## WHAT YOU ARE ASKED TO DO
The entire listing below is to be written out exactly, minus the pictures.

## DATA SECTION

* * *

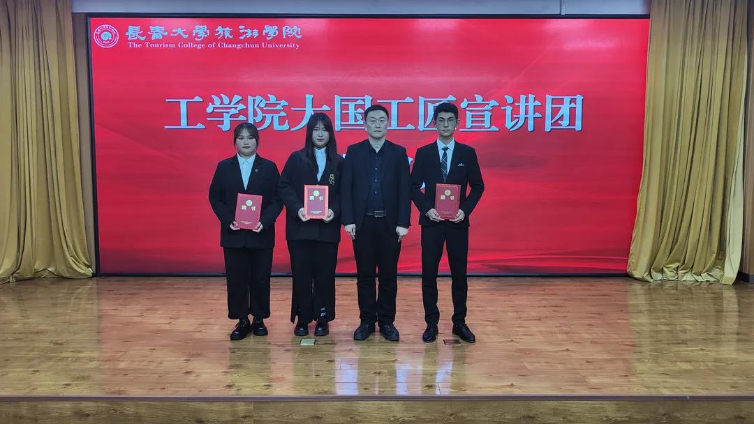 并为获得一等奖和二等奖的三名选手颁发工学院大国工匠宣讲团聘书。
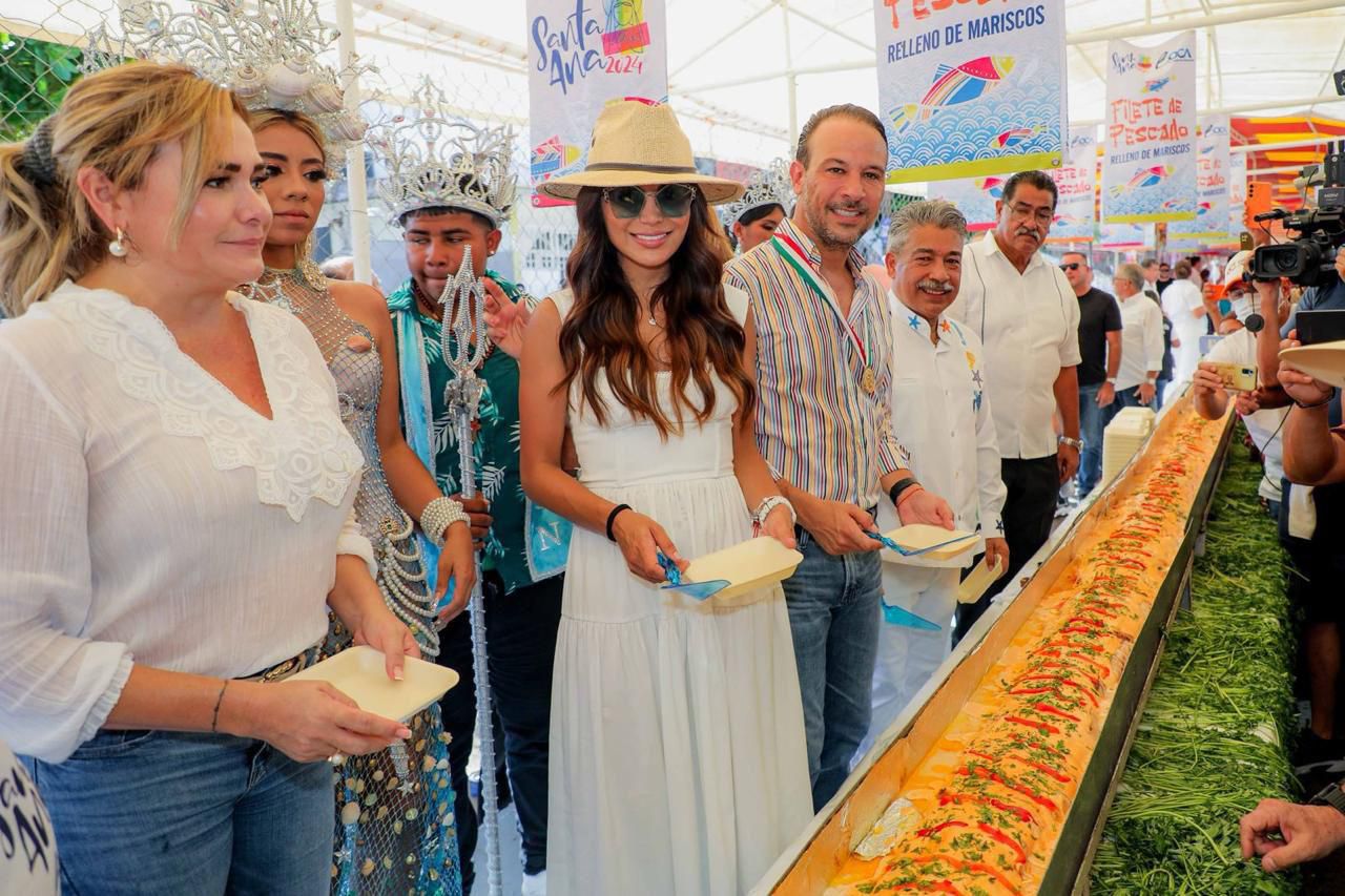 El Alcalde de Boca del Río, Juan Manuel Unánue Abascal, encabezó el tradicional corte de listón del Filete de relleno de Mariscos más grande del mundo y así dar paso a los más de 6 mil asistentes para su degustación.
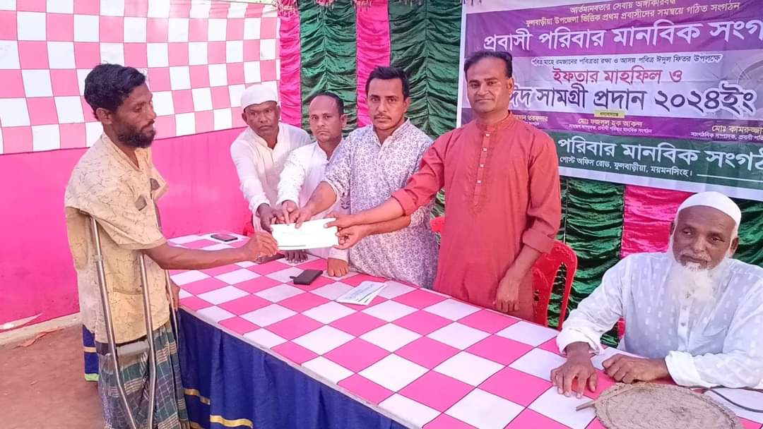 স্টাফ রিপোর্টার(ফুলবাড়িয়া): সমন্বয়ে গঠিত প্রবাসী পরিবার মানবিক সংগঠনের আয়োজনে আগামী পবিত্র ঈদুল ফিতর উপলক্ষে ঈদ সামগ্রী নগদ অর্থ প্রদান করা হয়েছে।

* * *

## SOLUTION TO THIS PROBLEM
 并为获得一等奖和二等奖的三名选手颁发工学院大国工匠宣讲团聘书。
 El Alcalde de Boca del Río, Juan Manuel Unánue Abascal, encabezó el tradicional corte de listón del Filete de relleno de Mariscos más grande del mundo y así dar paso a los más de 6 mil asistentes para su degustación.
 স্টাফ রিপোর্টার(ফুলবাড়িয়া): সমন্বয়ে গঠিত প্রবাসী পরিবার মানবিক সংগঠনের আয়োজনে আগামী পবিত্র ঈদুল ফিতর উপলক্ষে ঈদ সামগ্রী নগদ অর্থ প্রদান করা হয়েছে।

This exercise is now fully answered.